Ainda é cedo para grandes conclusões, mas… promete
Texto: NUNO GALOPIM
Era preciso deixar passar algum tempo (leia-se uns episódios) antes de tirar primeiras conclusões sobre Star Trek: Discovery, a série que reativa o universo de ficção científica criado por Gene Roddenberry nos anos 60 que tem cruzado gerações num conjunto de variações entre o pequeno e o grande ecrã, a imagem real e a animação, mais os mundos da BD e da prosa… Se J.J. Abram conseguira, com os dois filmes através dos quais fez aquilo a que agora se chama o “reboot” da coisa, reativar o viço da saga no cinema (mas cautela porque o mais recente filme, já sem a sua presença ao leme, teve ação a mais e ideias a menos), porque não tentar uma abordagem semelhante para televisão? É esse o desafio que leva Star Trek: Discovery a arregaçar as mangas propondo uma narrativa que antecipa cronologicamente no tempo as aventuras originais (com Kirk, Spock e os outros “clássicos” da saga) e que, de certa forma, parece procurar desenhar o contexto galáctico no qual muita da mitologia Star Trek depois ganhou forma.
O episódio original (que na verdade eram dois para completar um primeiro arco narrativo) na verdade não parecia afastar-se muito do que seria a possível proposta narrativa e visual de um novo filme. Os ingredientes estavam lá todos, contando de novo com as figuras que se apresentavam, naves desconhecidas e pouco mais. De resto mergulhava-se no embate inesperado de uma nave da “federação” com a materialização de uma antiga profecia klingon, através da qual uma série de grandes figuras se dispunham a pegar em armas por uma velha causa. Contra a “federação”, como sempre…
É contudo ao terceiro episódio que começa a fazer-se notar o que poder haver de diferente nesta série que procura dar nova vida a todo um universo que havia conhecido progressiva erosão nos três spin offs que se seguiram à magnífica “next generation” de finais de oitentas e inícios dos noventas. Ao contrário da norma mais habitual, que deixava bem contrastadas as figuras do “bem” e do “mal” as ideias parecem menos claras entre as figuras que começamos a acompanhar. E ao contornar o maniqueísmo fácil com que tantas vezes as séries definem o seu elenco de personagens, Star Trek: Discovery obriga a observar e acompanhar antes de uma conclusão ser possível. Estamos num tempo de incertezas, a bordo de uma nave – a Discovery – cujos objetivos não se desenham claramente nítidos, tomando a figura de uma amotinada (e condenada) como âncora e começando a desenhar ao seu redor um quadro de figuras e factos que, ao contrário do que sucedera nas séries Star Trek anteriores, nos deixam, por não termos referências maiores, perante a necessidade de aprender tudo de novo.

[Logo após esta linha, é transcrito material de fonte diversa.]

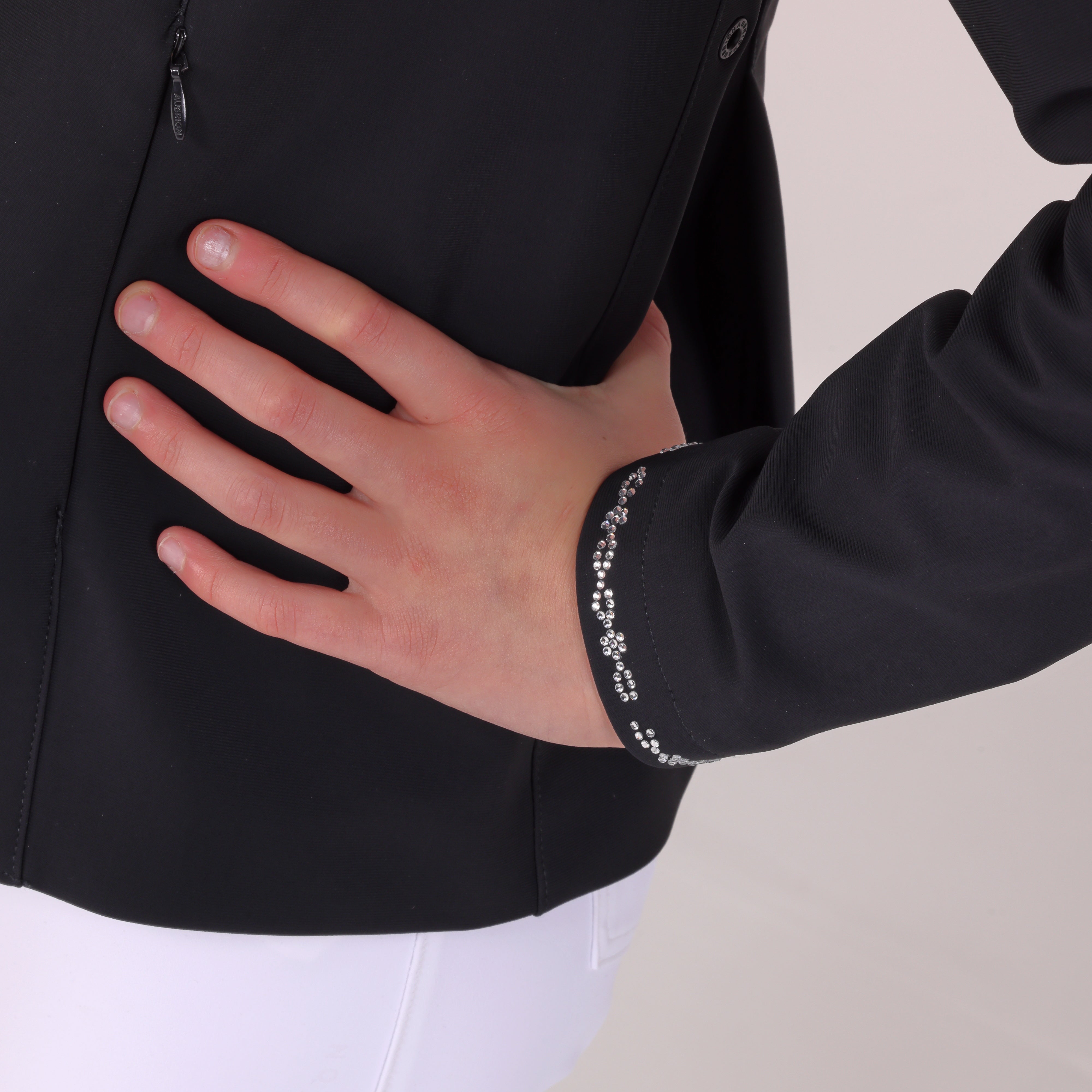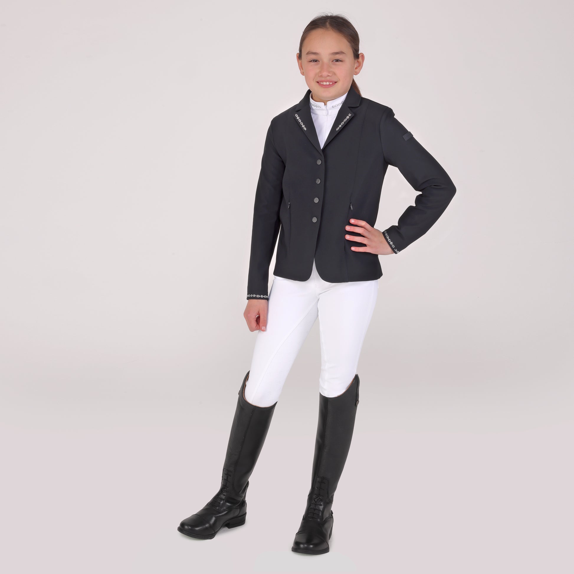 The Aubrion Optima young rider jacket is created for elite competition performance using modern design technology, innovative fabrics, and championship ready styling. Elegant tailoring creates a sleek fit, the hidden front zip fastening and two deep vents at the back keep a shape enhancing silhouette in or out of the saddle. Breathable temperature regulating fabrics offer excellent moisture management. In-motion stretch performance allows movement without restriction and maintains a polished, competition-ready look. The sleek LX design streamlines detail to draw attention to its standout feature: eye-catching iridescent diamante chains, interlinked and set along the lapel and cuffs for a sophisticated, radiant finish. An Aubrion logo on the left sleeve adds a subtle nod to elevated equestrian design. Further detail: discrete zip pockets, diamante decorated notch lapel and cuffs, zip fastening with popper button placket, moisture wicking mesh lining, quick drying fabrics, self-fabric hanging loop, Aubrion rubber logo badge. Designed to comply with GB affiliated competition rules.

É claro que há aqui ganchos que nos ligam ao universo Star Trek clássico, desde a figura do embaixador vulcaniano Sarek (o pai de Spock) a regras estruturais da tecnologia e conduta da “federação”… Mas, de resto, o que mais acontecer vem com o delicioso sabor da descoberta. Que a estrutura narrativa alimenta numa trama que toma os episódios como acontecimentos a viver em sequência (apesar de cada um conter um arco narrativo que em parte se resolve ali mesmo). E que terá para já metade dos episódios desta época lançados este ano, chegando a partir de janeiro a segunda parte desta época de estreia… Um “reboot” feliz… Mas daqui a uns episódios será mais seguro afirmar se com o mesmo sucesso, ou nem por isso, dos dois filmes que J.J. Abrams juntou recentemente à saga.
“Star Trek: Discovery” está disponível via Netflix, com um episódio novo a cada semana.